__TO DO__
From the listing below, give again exactly the lines from the line with "MIU Vogue ženska" to the line with "Everett found itself", ends included, without any pictures.

__RECORD EXCERPTS__
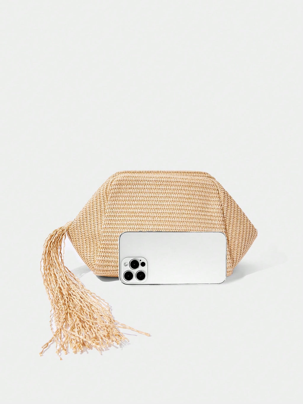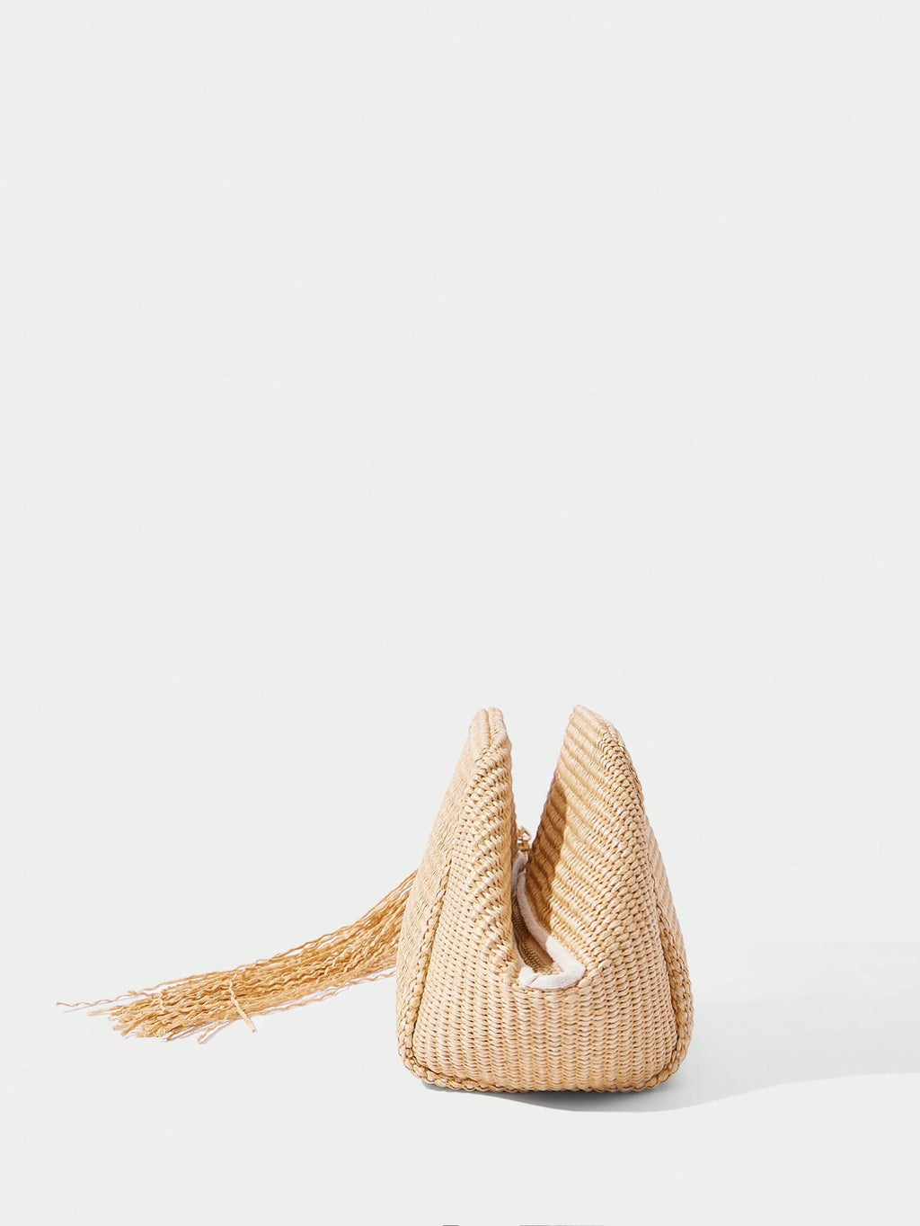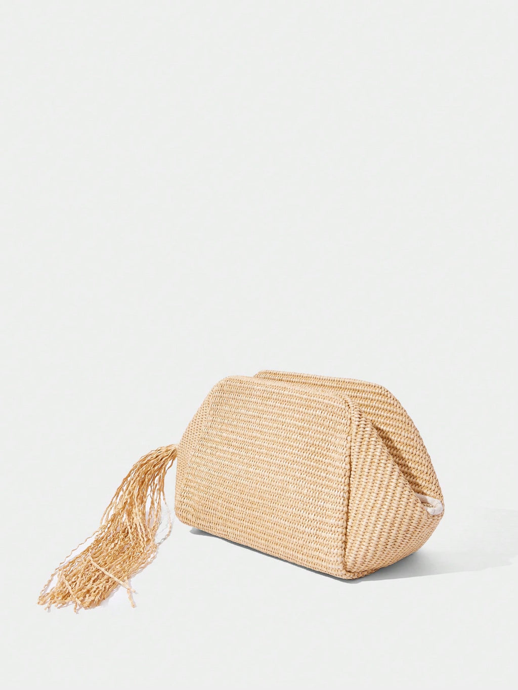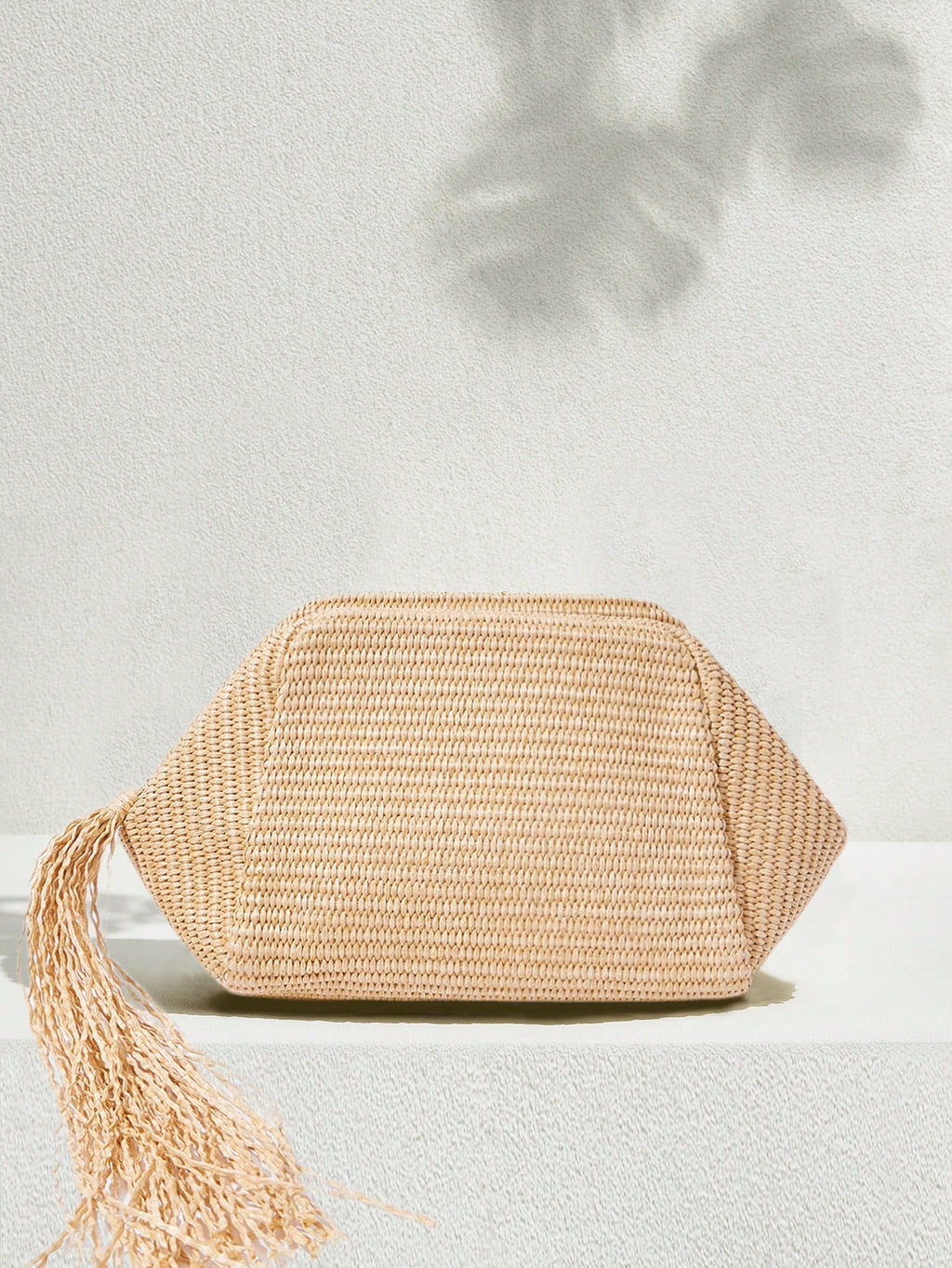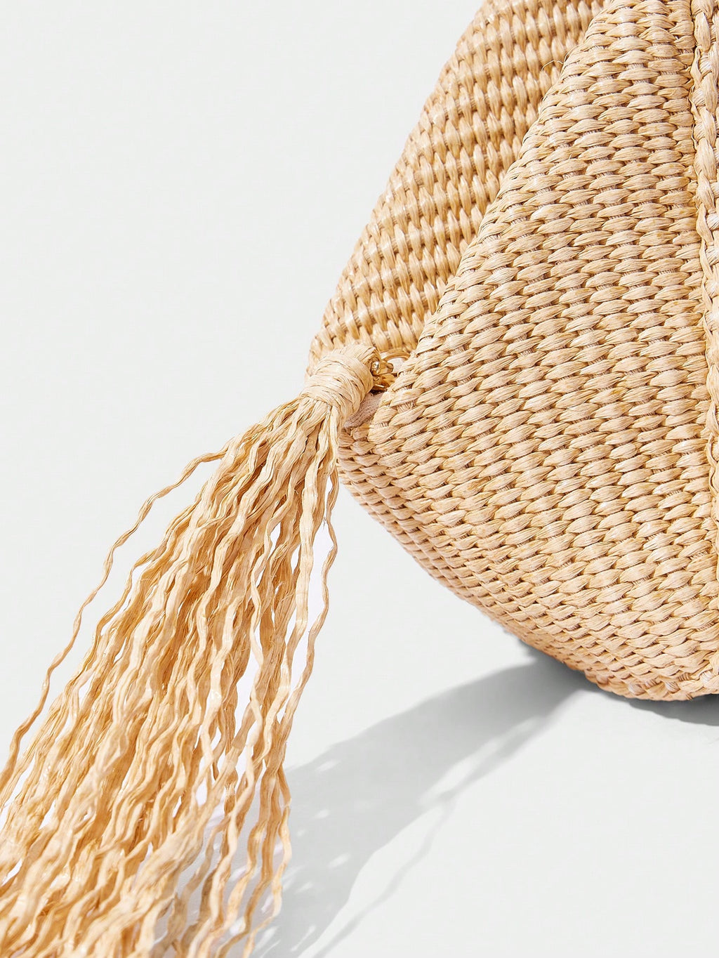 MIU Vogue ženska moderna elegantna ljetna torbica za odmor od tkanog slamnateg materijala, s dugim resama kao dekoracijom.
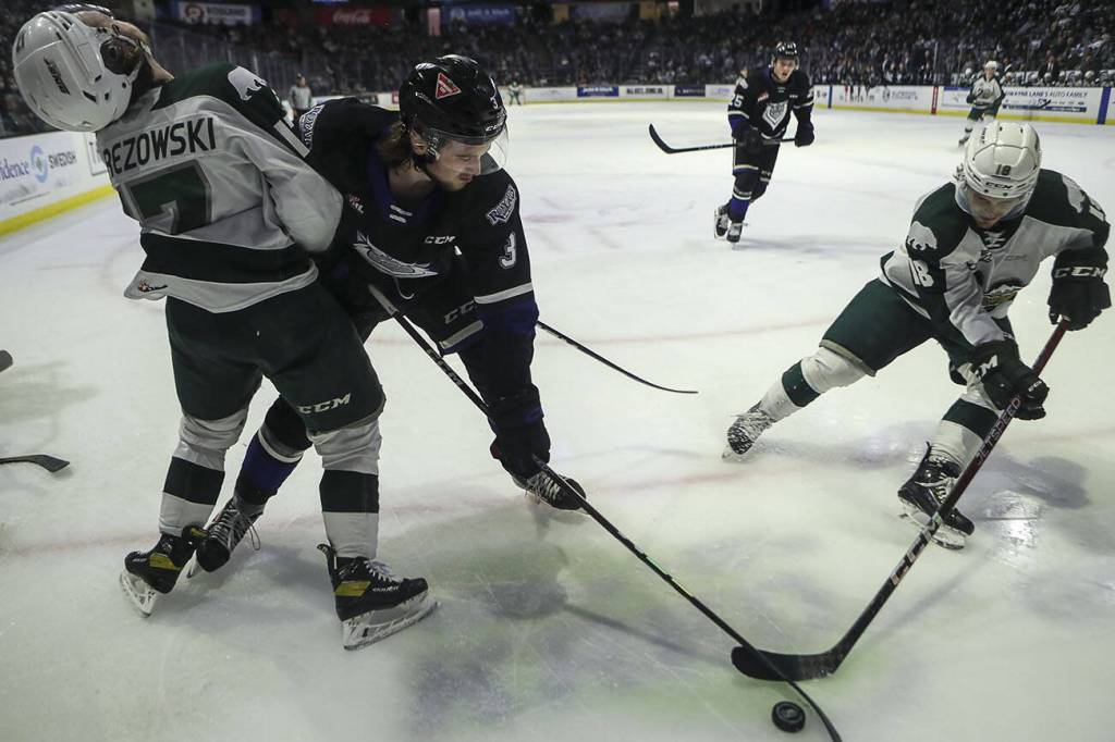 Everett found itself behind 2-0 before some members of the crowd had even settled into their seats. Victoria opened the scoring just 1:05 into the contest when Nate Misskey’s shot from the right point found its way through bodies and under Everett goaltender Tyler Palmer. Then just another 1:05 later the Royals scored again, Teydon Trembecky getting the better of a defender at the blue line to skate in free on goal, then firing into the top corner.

...

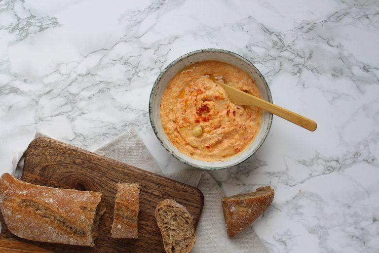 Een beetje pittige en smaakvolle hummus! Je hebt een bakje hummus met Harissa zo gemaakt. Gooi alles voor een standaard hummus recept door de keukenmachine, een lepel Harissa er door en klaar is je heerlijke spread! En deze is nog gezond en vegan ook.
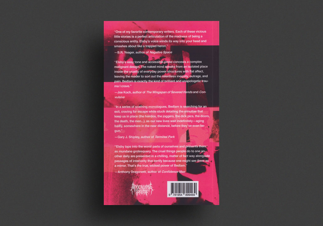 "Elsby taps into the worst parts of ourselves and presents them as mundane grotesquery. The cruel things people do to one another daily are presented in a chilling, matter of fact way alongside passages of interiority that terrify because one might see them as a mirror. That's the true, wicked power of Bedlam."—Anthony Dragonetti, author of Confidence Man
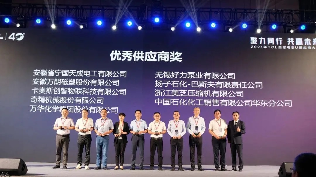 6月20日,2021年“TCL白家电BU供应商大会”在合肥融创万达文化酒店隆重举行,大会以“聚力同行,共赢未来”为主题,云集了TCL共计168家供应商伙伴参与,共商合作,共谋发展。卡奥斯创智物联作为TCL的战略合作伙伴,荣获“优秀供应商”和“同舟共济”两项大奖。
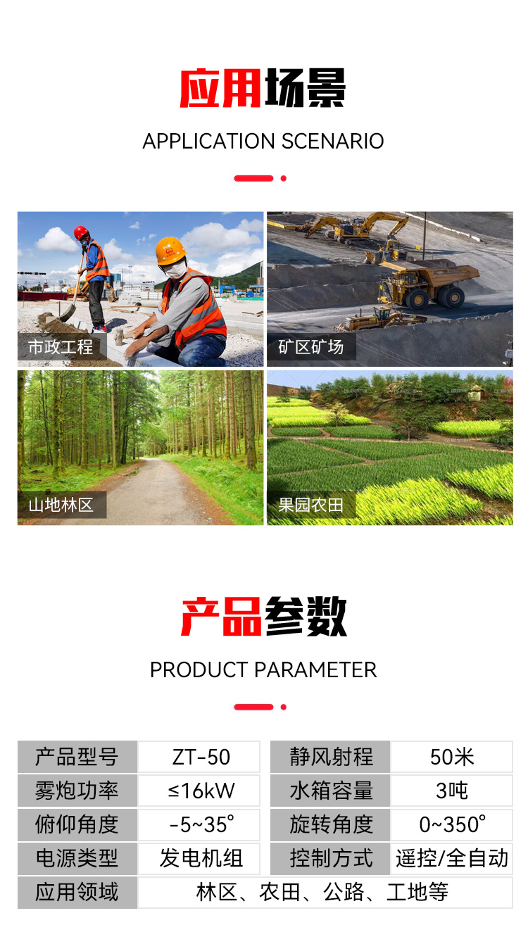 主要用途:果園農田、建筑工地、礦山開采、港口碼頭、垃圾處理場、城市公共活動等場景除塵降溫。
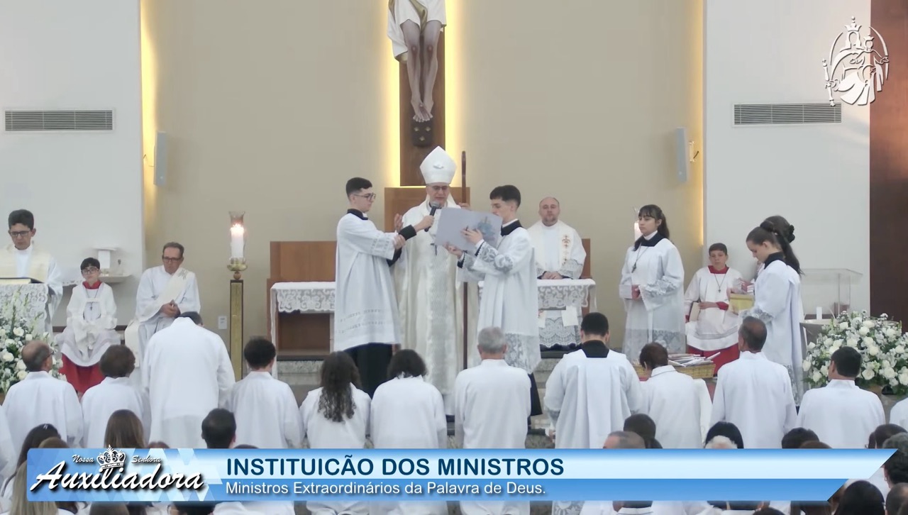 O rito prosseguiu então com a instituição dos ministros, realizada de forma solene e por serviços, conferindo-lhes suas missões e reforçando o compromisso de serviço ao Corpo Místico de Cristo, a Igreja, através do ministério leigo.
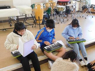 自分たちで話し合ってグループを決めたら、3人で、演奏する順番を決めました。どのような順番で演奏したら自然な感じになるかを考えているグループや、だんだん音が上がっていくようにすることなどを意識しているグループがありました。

--

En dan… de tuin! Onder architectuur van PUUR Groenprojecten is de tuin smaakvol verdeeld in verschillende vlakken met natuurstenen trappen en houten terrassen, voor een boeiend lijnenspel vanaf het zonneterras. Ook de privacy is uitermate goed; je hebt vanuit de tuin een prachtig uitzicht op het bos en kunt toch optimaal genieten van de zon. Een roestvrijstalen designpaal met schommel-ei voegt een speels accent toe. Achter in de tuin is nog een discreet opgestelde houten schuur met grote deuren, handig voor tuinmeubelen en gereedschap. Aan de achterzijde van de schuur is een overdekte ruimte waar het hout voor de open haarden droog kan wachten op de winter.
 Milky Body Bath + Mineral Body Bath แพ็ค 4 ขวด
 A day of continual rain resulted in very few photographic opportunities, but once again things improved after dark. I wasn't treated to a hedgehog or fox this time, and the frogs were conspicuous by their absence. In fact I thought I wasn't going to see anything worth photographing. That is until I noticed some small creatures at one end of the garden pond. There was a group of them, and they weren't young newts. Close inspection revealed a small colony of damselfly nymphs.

__RESULT__
 MIU Vogue ženska moderna elegantna ljetna torbica za odmor od tkanog slamnateg materijala, s dugim resama kao dekoracijom.
 Everett found itself behind 2-0 before some members of the crowd had even settled into their seats. Victoria opened the scoring just 1:05 into the contest when Nate Misskey’s shot from the right point found its way through bodies and under Everett goaltender Tyler Palmer. Then just another 1:05 later the Royals scored again, Teydon Trembecky getting the better of a defender at the blue line to skate in free on goal, then firing into the top corner.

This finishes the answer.